Now, it gets messy before it gets streamlined. Take your current technology diagram (it’s not a technology roadmap just yet) and ideas gathered in the process phase and sit down with your IT provider. Ask:
1. What is the technology solution for each business goal/ challenge we have?
2. What is the ideal order of integration of these technologies? Do some build on others? Can you get improvements in multiple areas from one technology upgrade (i.e. customer service and process efficiencies combined)?
3. What is the length of time required for implementation? And what time of year that is optimal for implementation?
4. What other factors are involved? For example, who in your business needs to dedicate time to any specific technology enhancement, who and what processes are affected, etc.
5. What is our priority to reach our long-term goal? Our short-term, possibly higher-risk/ higher-reward, goal?
6. What does each solution cost in terms of hardware, software, tech support, employee productivity? Put a price range on it!
By consolidating these elements — solutions, order, timing, level of involvement required by business leaders/employees, long and short-term goals and price – you can evaluate and set priorities. CSI Onsite’s techs are also information architects who specialize in business workflow and technology roadmapping. They can offer insight and expertise throughout this process so everyone is on board with the roadmap and understands the reasoning, process and logistics behind it.

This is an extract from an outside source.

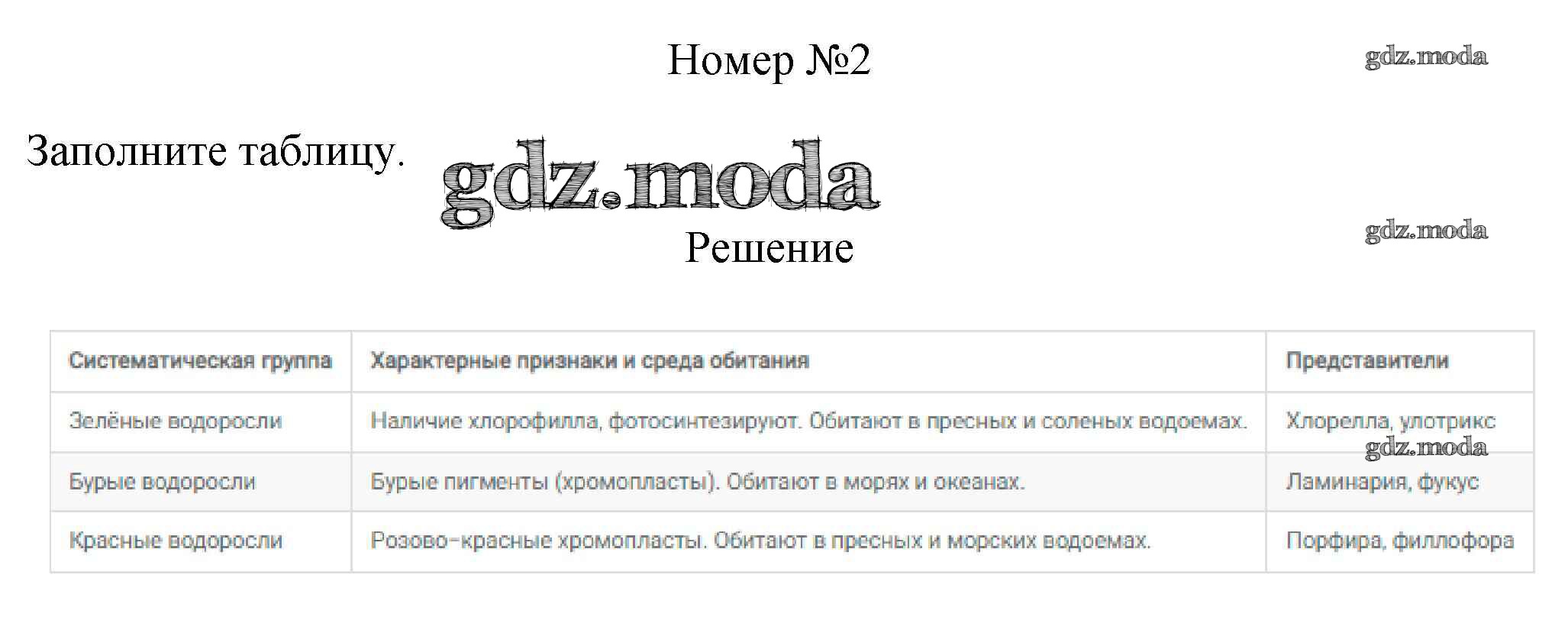 ГДЗ решение к заданию № 2 Биология 5 класс рабочая тетрадь Пасечник В.В. Просвещение, Просвещение 2015, 2020 ФГОС бесплатно на гдз.мода!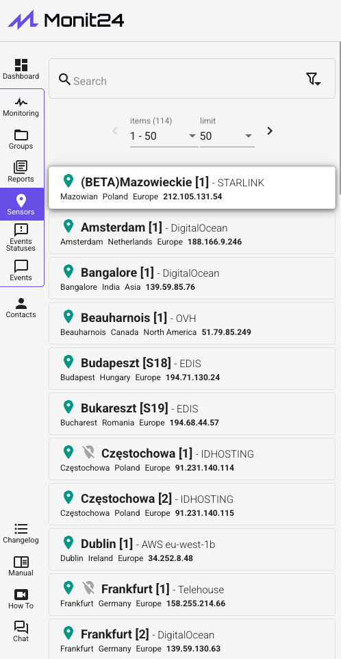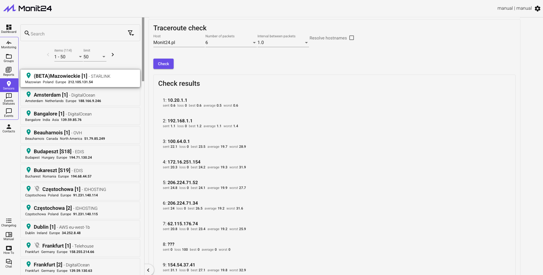 Monit24.pl oferuje możliwość wykonywania sprawdzeń ze stacji na wszystkich kontynentach i przy wykorzystaniu różnych operatorów i dostawców internetu.

Now that your business is officially roadmapped and wired to your business goals, you can move into proactive mode. This mode recognizes that the speed of business and technology present an ever changing landscape. And it asserts that if you have a solid relationship with your IT provider, you can make technology-related decisions with confidence.
Your technology roadmap also allows you to stay on the path to reach long-term goals and veer off-path to take some calculated risks to push your business into growth mode and/or maintain your competitive advantage. Ultimately, with your map in place, your business now operates with a focus on productivity and growth. Happy mapping!